Exercise goal ▸
Exactly reproduce the lines of the listing below from the one containing "Borókás-tebri 2. sz." through the one containing "Fotoğraf. 23: Arabella". Skip the images.

Data excerpts ▸

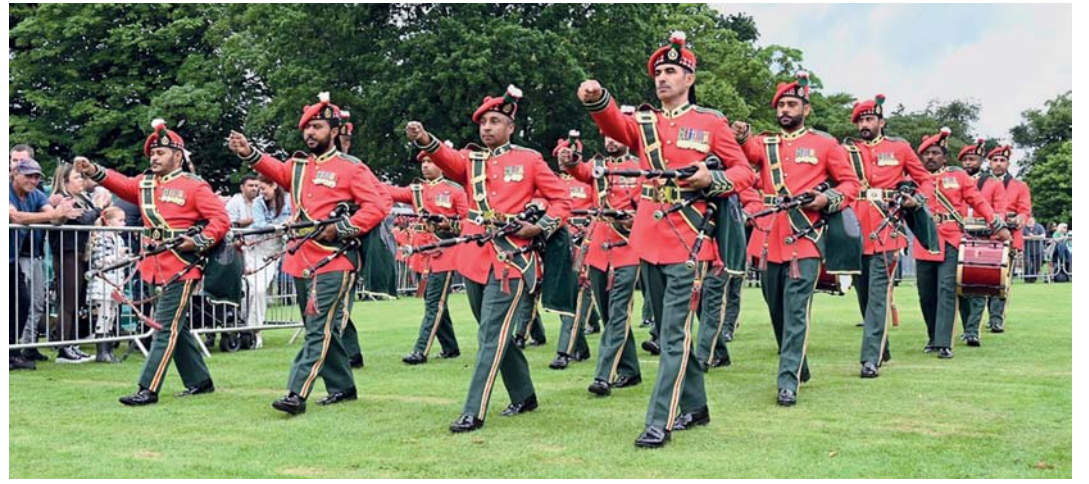
الفرقة العمانية حصدت المركز الأول في مسابقة المشاة والانضباط العسكري والمركز الخامس في مسابقة العزف

إدنبرة - العمانية: حققت موسيقى الجيش السلطاني العماني أولى إنجازاتها ضمن مشاركتها في المسابقة العالمية للموسيقى والمقامة حالياً في اسكتلندا بالملكة المتحدة، حيث حصلت موسيقى الجيش السلطاني العماني على المركز الأول في مسابقة المشاة والانضباط العسكري، وأحرزت المركز الخامس في مسابقة العزف التي أقيمت بمدينة دومبارتون وبمشاركة (١٢٨) فريقاً من مختلف دول العالم. وتحدث العقيد الركن أحمد بن سالم الشكري مدير موسيقى الجيش السلطاني العماني عن المسابقة قائلاً: مع انطلاق المرحلة الأولى من المسابقة العالمية للفرق والطبول في اسكتلندا، استطعنا
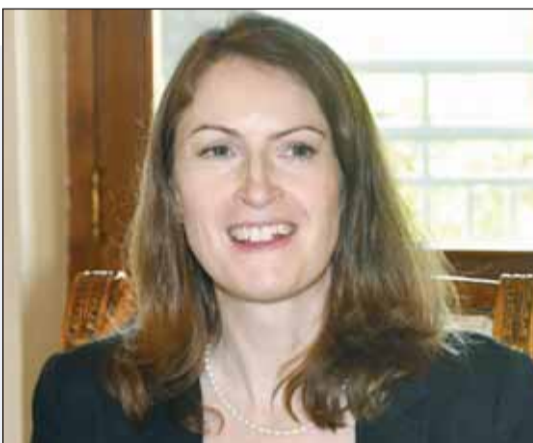
السفيرة البريطانية بليندا لويس

الكويتيون ينخرطون في مجموعة واسعة من الدورات والأمن السيبراني وعلوم الكمبيوتر الأكثر شعبية المجموعة الفرعية للدفاع ناقشت التحديات الأمنية وإنشاء آليات شراء أكثر كفاءة بين البلدين
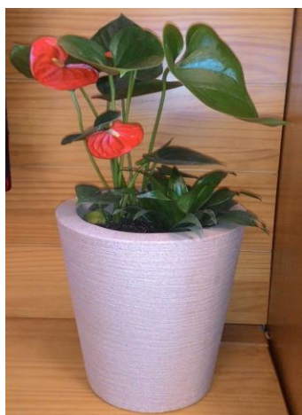
Figura 38 – Antúrio ( Anthurium ), planta ornamental de vaso.
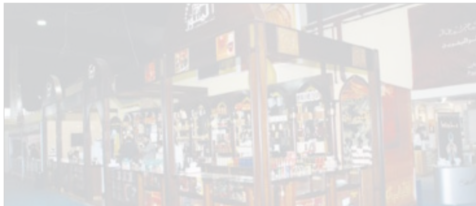
ركن «الدر المنثور»

من السوق المحلي بين مثيلاتها من الشركات المنافسة. من المعروف أن دهن العود والبخور والعطور الشرقية التي تنتجها الشركة تعتمد على استخدام أرقى الأنواع من الخامات الأصلية التي تؤكد جودة المنتج، ويؤكد ذلك ثقة عملاء الشركة في كافة منتجاتها، ومن الجدير بالذكر أن شركة الدر المنثور تشارك سنوياً في معرض الخريف للعطور كما تواظب على المشاركة في معرض مارس من كل عام في أرض المعارض.
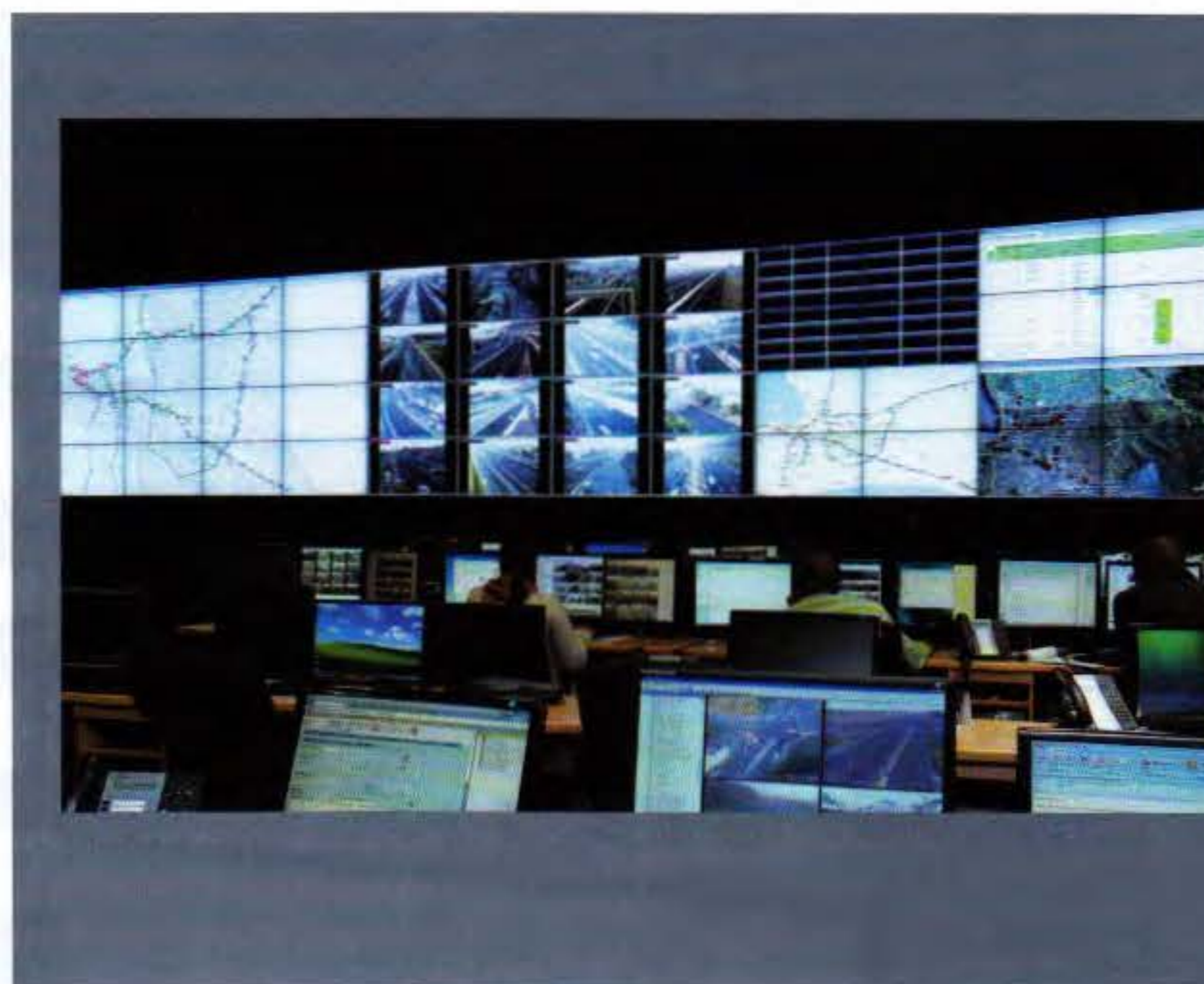
Die Bildwand – hier mit EYE-LCD-4600-SN-V2 LCD-Modulen umgesetzt – samt Ansteuerung in der integrierten Verkehrsleitstelle in Kapstadt-Goodwood, Südafrika, stammt von eyevis

Neben der eigentlichen Funktionalität wird bei den Managementsystemen verstärkt auf Flexibilität und Übersichtlichkeit Wert gelegt. So werden anstelle von vielen Einzelplatzmonitoren immer mehr Großbildsysteme gefordert. Grafische Bedienoberflächen mit flexibler Anordnung der Videobilder und gleichzeitiger Kontrolle mehrerer Gewerke (Videoüberwachung, Brandschutz, Zutrittskontrolle, usw.) sol-
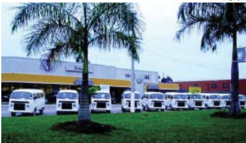
Venda para o setor corporativo aumentou na concessionária

Garantindo preço de fábrica, o programa é uma novidade do Departamento de Vendas Especiais, que atende segmentos específicos da sociedade como: governo (municipal, estadual ou federal), frotistas, taxistas, portadores de necessida-
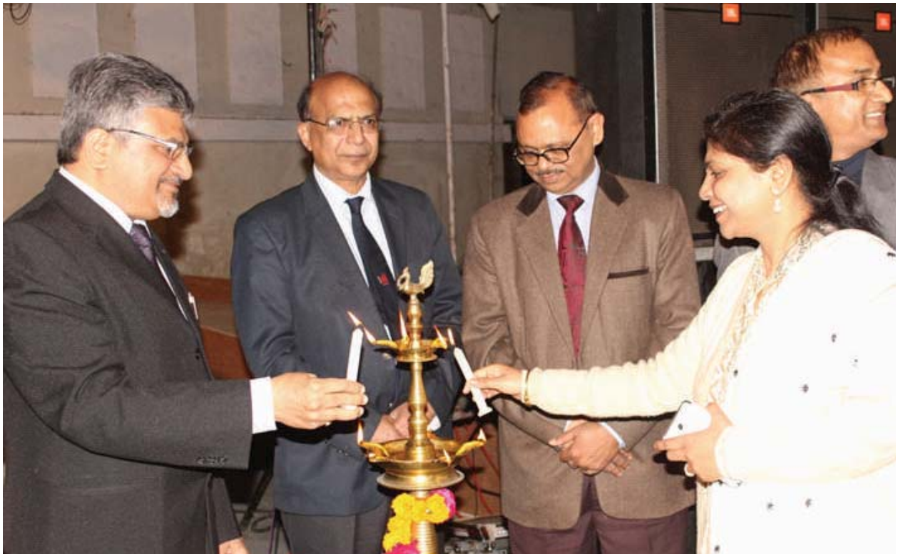
Inauguration of National Awareness Campaign
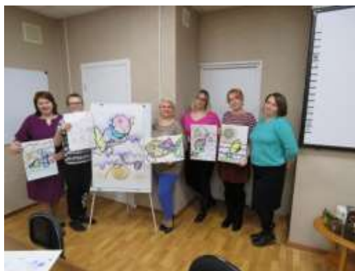
Рисунок 5. Нейрографика - волонтеры, родители, ребенок-инвалид, специалисты
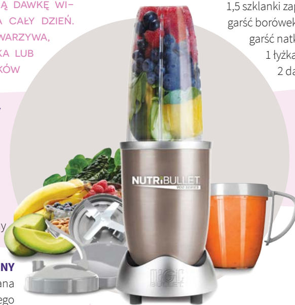
EKSTRAKTOR NUTRIBULLET - MANGO

2 mango 1 limonka 1 papaja 1 pomarańcza 10 listków świeżej mięty
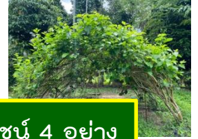
ป่า 3 อย่าง ประโยชน์ 4 อย่าง
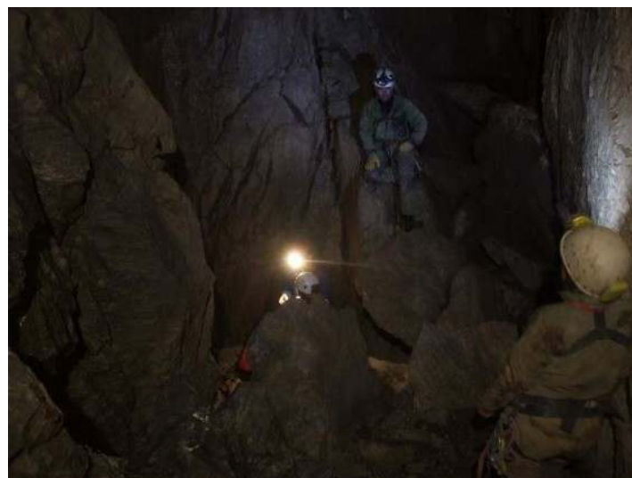
Borókás-tebri 2. sz. víznyelőbarlang, Óriás-akna
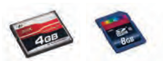
تصویر ۹۲ ▲
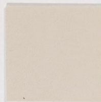
210 x 3541
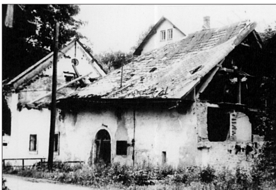
Trosky mlýna a pily na Celném
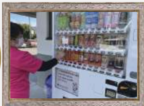
さざんか荘に赤十字 募金型自動販売機が 設置されました
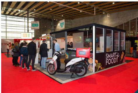
SMART FOOD by CITC

Hologramme, vitrine connectée, talon personnalisé imprimé en 3D, coach déco virtuel, chatbot... l'espace innovation a une fois encore attiré tous les regards. Autre rendez-vous incontournable du salon : le Smart Food by CITC (Centre d'Innovation des Technologies Sans Contact) qui proposait de découvrir différentes innovations autour du restaurant connecté.
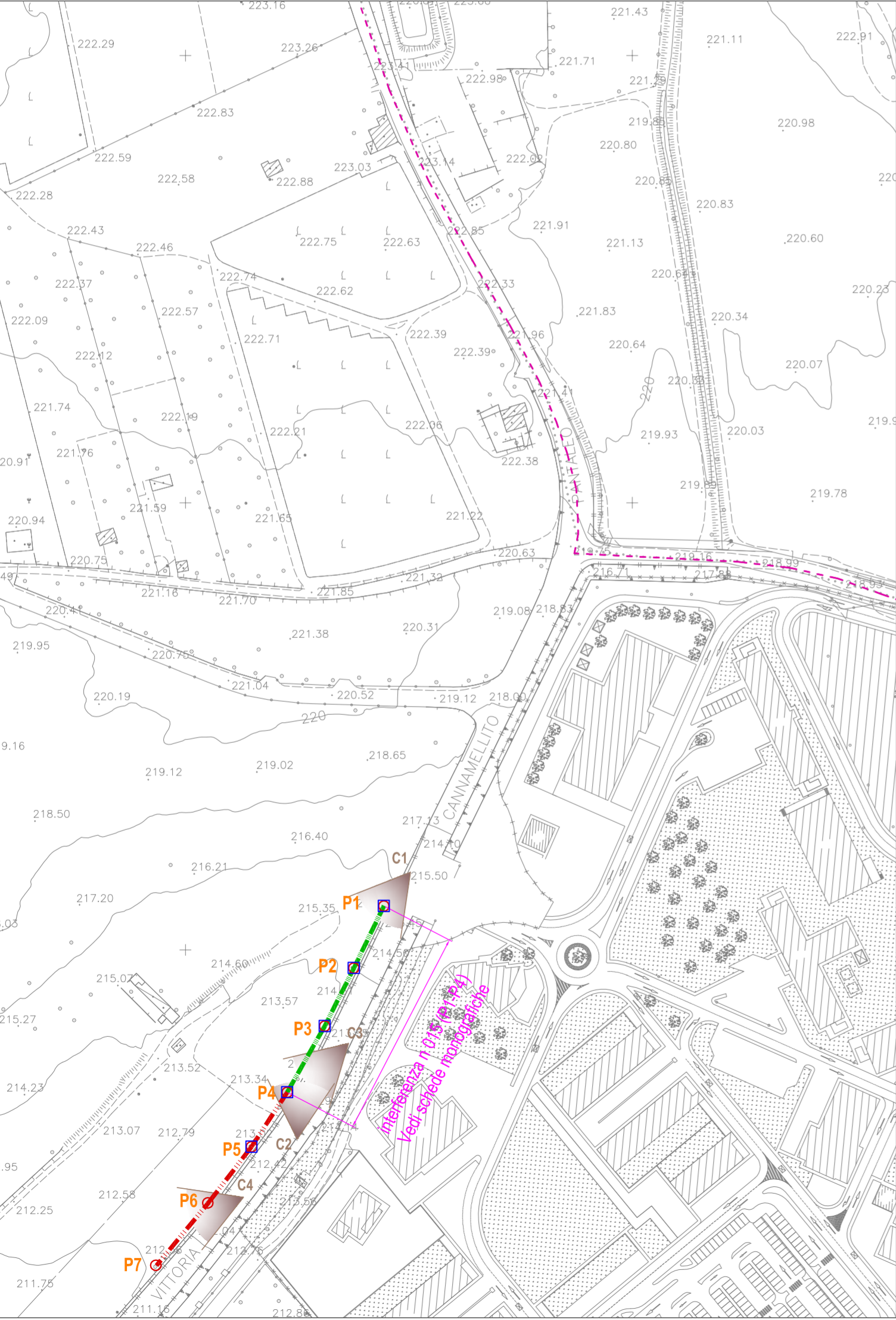
Stato di fatto con indicazione interferenze linea Telecom scala 1:2000

Cn CONO OTTICO FOTO vedi SCHEDE INTERFERENZE
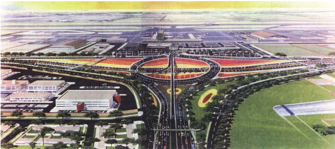
Intercambio Vial avenidas Elmer Faucett con Tomas Valle (Red Vial Nacional)
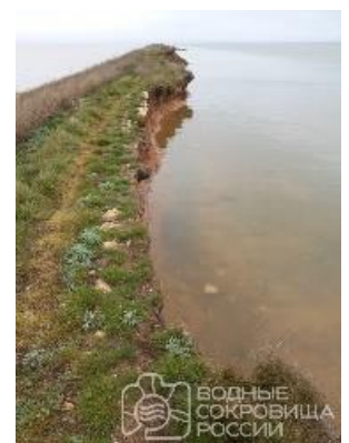
Figure 4 Current condition of the embankment of Sasyk-Sivash lake

しかし、堤防の幅は気候状況により 10m から 2m 以下に減少している(Fig.4) . この最小部分が破壊された場合には、淡水の水は海水に入り込み、独特な環境がなくなる恐れがある。そして、その破壊では、イエウパトリーヤ街、サキ街などの近辺な地域は冠水されることも予想されている。
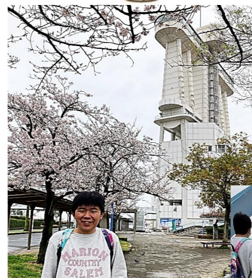
名古屋港水族館へ♪ ポートビルと桜の前で😊
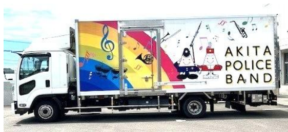
【警察音楽隊の移動専用車】
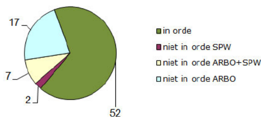
Resultaat van de inspecties

Bij twee inspecties was er sprake van gevaar of hinder voor het spoorverkeer. In zeven gevallen was er zowel sprake van risico voor het spoorverkeer als aanrijdgevaar voor personen.
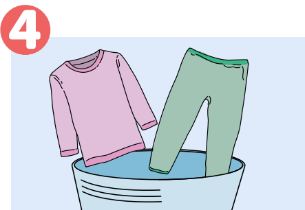
4 Läthni thurual kel ke ne gemith kel mi bär tetke rey yĶthä puĶkä.
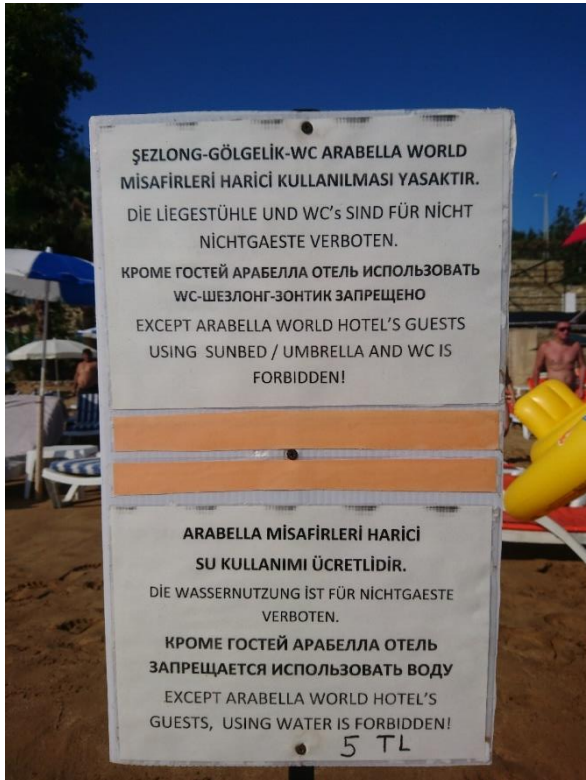
Fotoğraf. 23: Arabella Otel'in Çitlediği Kumsala Diktiği Uyarı Panosu (17.06.2018)

Avsallar'da otel ve sitelerin çitlediği alanlar dışında halkın denize girebileceği, güneşlenebileceği, üç alan kalmaktadır. Bunlar İncekum Tabiat Parkı'ndaki plajlar, çok küçük bir alan olsa dahi boş kalan kumsallar ve beachlerdir 34 . İncekum Tabiat Parkı'ndaki plajlara girebilmek için girişte ücret ödememiz gerekmektedir 35 . Parkın
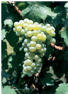
Uva Verdetto pronta per la vendemmia (S. Romani)
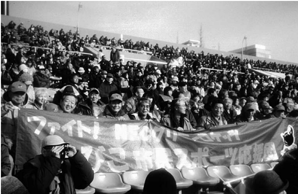
NECグリーンロケッツ 対 東芝ブレイブルーパス戦 ラグビートップリーグ 1月19日 秩父宮ラグビー場
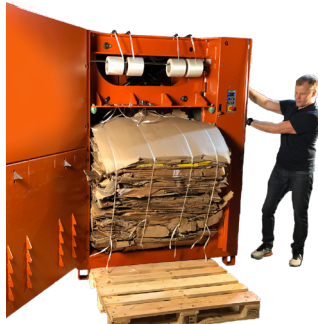
Appuyez simplement sur deux boutons pour éjecter la balle

Cette presse est rapide avec son cycle de 16 secondes seulement. Grâce à la fonction de série de démarrage automatique, elle est rapidement opérationnelle pour le chargement de carton ou plastique. La 3220 peut s'activer manuellement mais il est préférable de la faire fonctionner en mode automatique pour une meilleure productivité et une meilleure commodité.
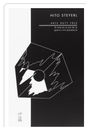
ARTE DUTY FREE STEYERL, HITO
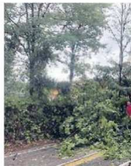
MIRANO Danni del maltempo
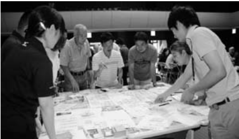
避難所運営ゲームで、避難者情報カードを配置する参加者

その後、8人程のグループに分かれ、避難者情報が書かれたカードを使って行う避難所運営ゲーム(HUG)を体験。コントローラー役が避難者の情報カードを読み上げ、そのカードをグループ内で検討しながら、避難所に想定した小学校の平面図に配置していく演習(カード200枚)を約3時間行いました。
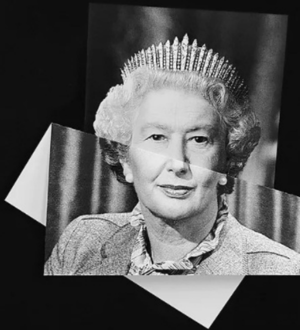
"REINA ISABEL - THATCHER" De la Serie: "Síndrome de Proteus" Colagem / Printed photo collage 45 x 40 cm

Output ▸
Borókás-tebri 2. sz. víznyelőbarlang, Óriás-akna
تصویر ۹۲ ▲
210 x 3541
Trosky mlýna a pily na Celném
さざんか荘に赤十字 募金型自動販売機が 設置されました
SMART FOOD by CITC

Hologramme, vitrine connectée, talon personnalisé imprimé en 3D, coach déco virtuel, chatbot... l'espace innovation a une fois encore attiré tous les regards. Autre rendez-vous incontournable du salon : le Smart Food by CITC (Centre d'Innovation des Technologies Sans Contact) qui proposait de découvrir différentes innovations autour du restaurant connecté.
Stato di fatto con indicazione interferenze linea Telecom scala 1:2000

Cn CONO OTTICO FOTO vedi SCHEDE INTERFERENZE
Intercambio Vial avenidas Elmer Faucett con Tomas Valle (Red Vial Nacional)
Figure 4 Current condition of the embankment of Sasyk-Sivash lake

しかし、堤防の幅は気候状況により 10m から 2m 以下に減少している(Fig.4) . この最小部分が破壊された場合には、淡水の水は海水に入り込み、独特な環境がなくなる恐れがある。そして、その破壊では、イエウパトリーヤ街、サキ街などの近辺な地域は冠水されることも予想されている。
名古屋港水族館へ♪ ポートビルと桜の前で😊
【警察音楽隊の移動専用車】
Resultaat van de inspecties

Bij twee inspecties was er sprake van gevaar of hinder voor het spoorverkeer. In zeven gevallen was er zowel sprake van risico voor het spoorverkeer als aanrijdgevaar voor personen.
4 Läthni thurual kel ke ne gemith kel mi bär tetke rey yĶthä puĶkä.
Fotoğraf. 23: Arabella Otel'in Çitlediği Kumsala Diktiği Uyarı Panosu (17.06.2018)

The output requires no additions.